Desarrollan modelo informático que ayudará a predecir riesgo de cáncer colorrectal

México D.F., 9 de octubre (Redacción Salud Mundo de Hoy).- En septiembre pasado, el “Journal of the American Medical Association” (JAMA) publicó los resultados del trabajo de un grupo de investigadores del Dana-Farber Cancer Institute, de Boston, Estados Unidos, quienes desarrollaron un modelo informático que ayudará a predecir el riesgo genético de cáncer colorrectal, especialmente, del síndrome de Lynch. El modelo, llamado MMRpro, permitirá detectar alguna anomalía con más efectividad que los utilizados actualmente: el Bethesda guidelines y el Amsterdan criteria.

De acuerdo con los expertos, el Síndrome de Lynch es el cáncer colorrectal hereditario más común en los países occidentales y provoca entre el dos y el cinco por ciento de los tumores. El Síndrome de Lynch, también conocido como cáncer colorrectal no polipósico, está asociado con mutaciones en los genes MLH1, MSH2 y MSH6.

El doctor Sining Chen, de la Universidad Johns Hopkins, explicó que su equipo analizó a 279 familias con antecedentes de Síndrome de Lynch. Durante el estudio se obtuvieron datos de 1, 914 pacientes que pasaron por una prueba genética del MLH1 y MSH2 y desarrollaron un modelo clínico, el PREMM1, 2 para predecir la presencia de mutaciones en estos genes sobre la base de antecedentes médicos familiares y personales. El modelo se desarrolló en un grupo inicial de 898 pacientes y después se validó en 1, 016 pacientes.

Los resultados arrojaron que el 14.5 por ciento de los individuos presentaba mutaciones en los genes mencionados; un 6.5 por ciento en el MLH1 y un 8 por ciento en el MSH2. Se encontró además que las mujeres con antecedentes familiares de cáncer colorrectal son propensas a portar esos genes y a padecer cáncer cérvico-uterino

El estudio demostró que los modelos de predicción que incorporan ciertas características de antecedentes clínicos personales y familiares pueden ayudar a identificar a los pacientes bajo alto riesgo de tener una mutación genética asociada con un tipo de cáncer colorrectal.

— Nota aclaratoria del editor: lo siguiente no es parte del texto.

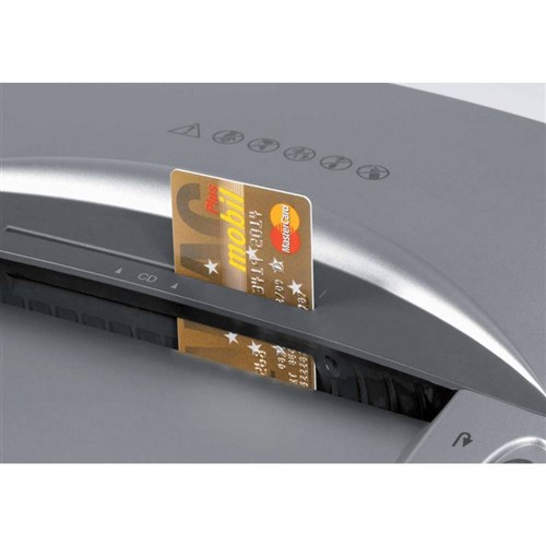 Shreds staples pins and credit cards.
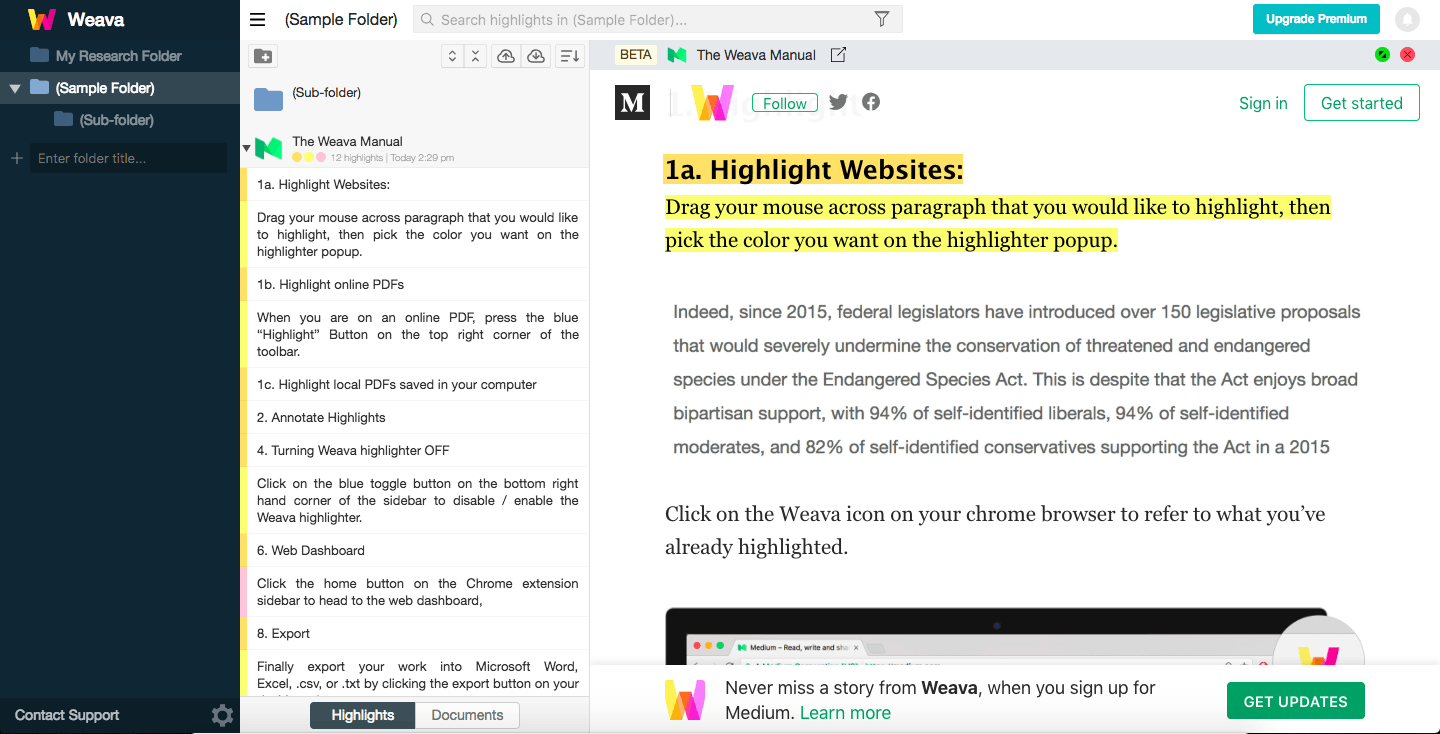 Weava'nın Chrome eklentisini kullananlar, açtıkları bir sekmede istedikleri yazının üstünü renklendirebiliyorlar. Bunun için renklendirmek istedikleri kısmın üstünü çiziyor ve çizdikleri anda altta çıkan renklerden herhangi birini seçiyorlar. Akabinde ortaya sıkıcı siyah-beyaz bir sayfa yerine, rengarenk bir sayfa çıkıyor.
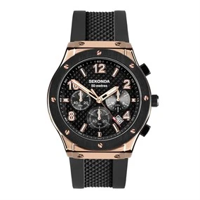Sekonda 30257 Rose Tone Black Silicone Strap Watch - W31412
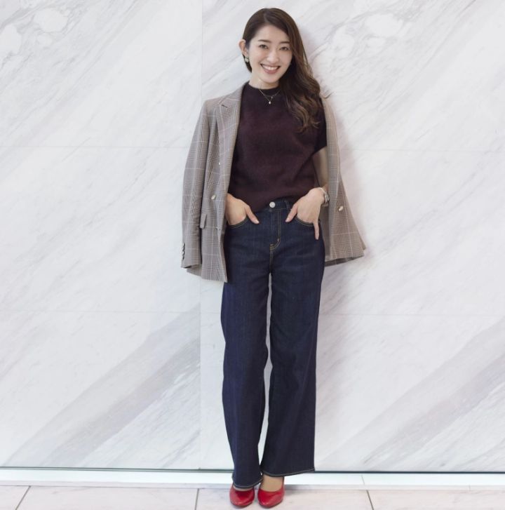 シックな色のコーデにクラシカルなジャケットをオン。赤パンプスで遊びをプラスしました!
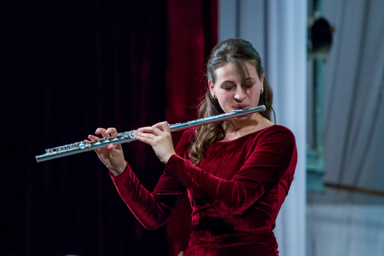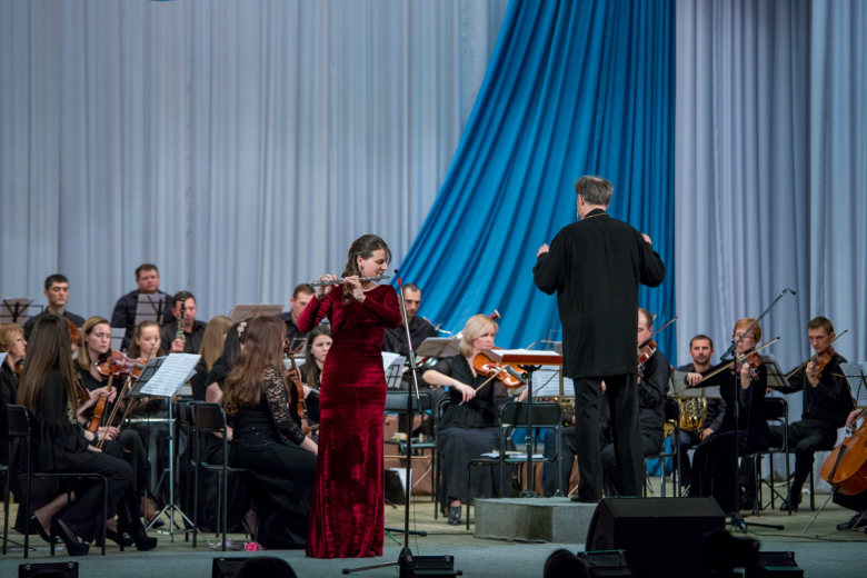 Зал аплодирует. Пару минут, чтобы оркестр мог передохнуть. Представляют следующую солистку – флейтистка Ирина Каракаш, которая будет исполнять лидирующую партию в концерте француза Жака Ибера.
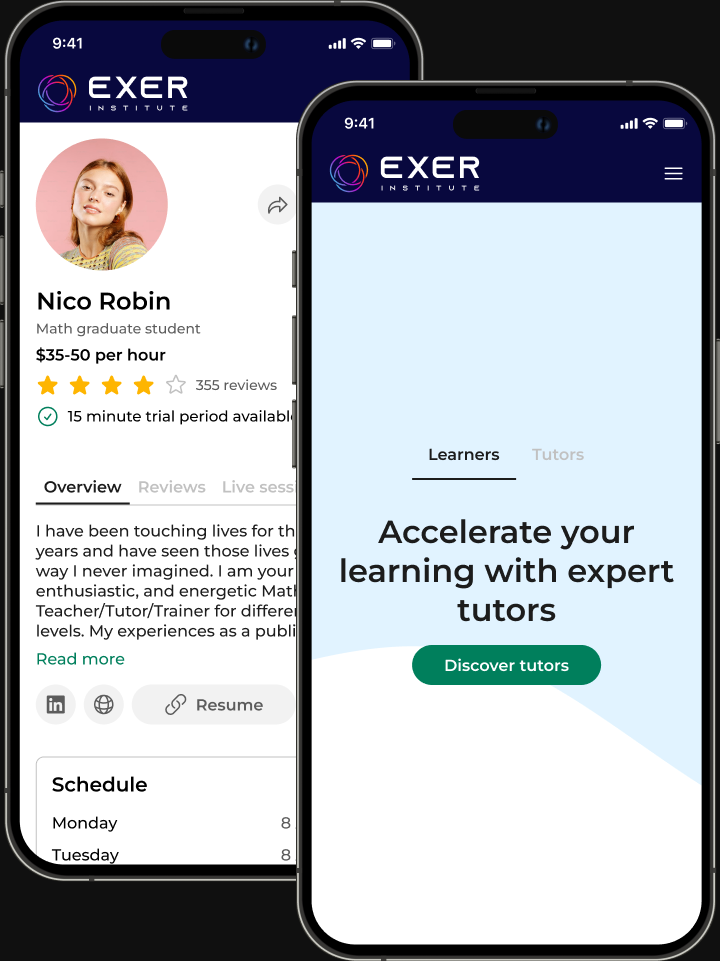Exer Institute is a tutoring platform designed to provide learners with a comprehensive learning experience while keeping sessions affordable and ensuring tutors are fairly compensated. The platform serves both learners and tutors, with a focus on giving students more control over their learning journey while creating a seamless and valuable experience for both user groups.
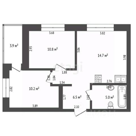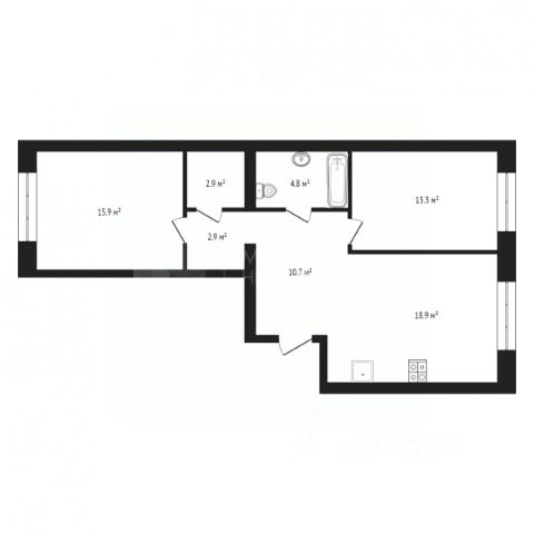 Кухня-гостиная - 18 м2, комнаты - 15,9 м2, - 13,3 м2, прихожая коридор - 15 м2, санузел совмещён - 4,8 м2, гардеробная - 2,9 м2 ( есть место для встроенного шкафа ), высота потолков - 2,7 м, год постройки 2025 г.
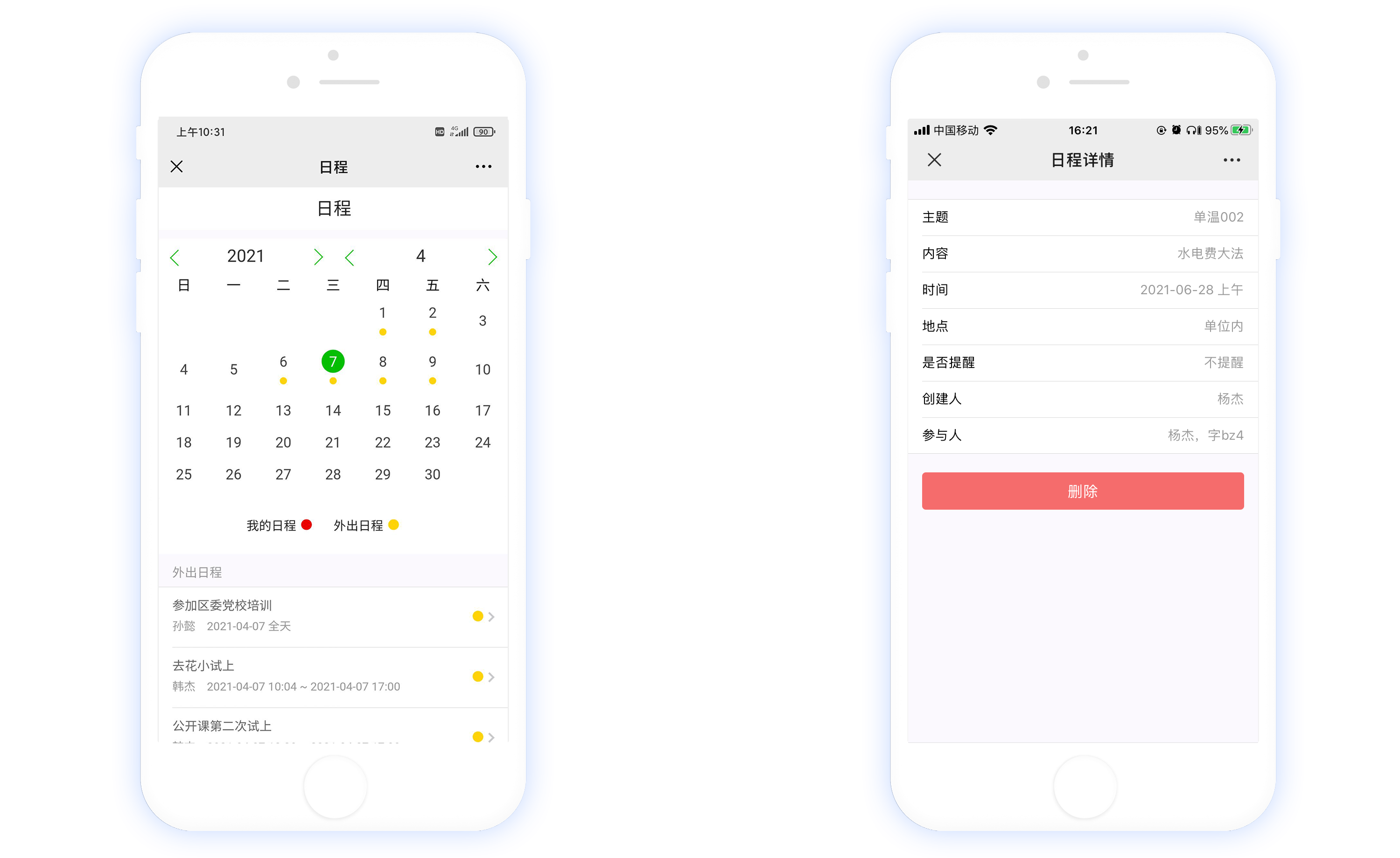 日(rì)程模塊主要為(wèi)了解決用戶的(de)日(rì)程安排查看(kàn)和(hé)日(rì)程提醒的(de)問(wèn)題,同時(shí)解決領導安排員(yuán)工(gōng)的(de)工(gōng)作(zuò),便于領導可以及時(shí)掌握員(yuán)工(gōng)的(de)動态。

Se calcula que en Estados Unidos existen alrededor de 600 mil portadores de genes que podrían mutar, cada uno tiene un 50 por ciento de probabilidades de ser diagnosticado con cáncer colorrectal antes de los 70 años. 

¿Qué es el cáncer colorrectal?

El cáncer colorrectal  se localiza en las células malignas que se encuentran en el colon o en el recto, lo cuales forman parte del intestino grueso, que a su vez es parte del sistema digestivo.

Esta enfermedad es la segunda causa de muerte asociada al cáncer en los Estados Unidos según la Sociedad Americana del Cáncer, y  es el tercer tipo de cáncer más común tanto en hombres como en mujeres.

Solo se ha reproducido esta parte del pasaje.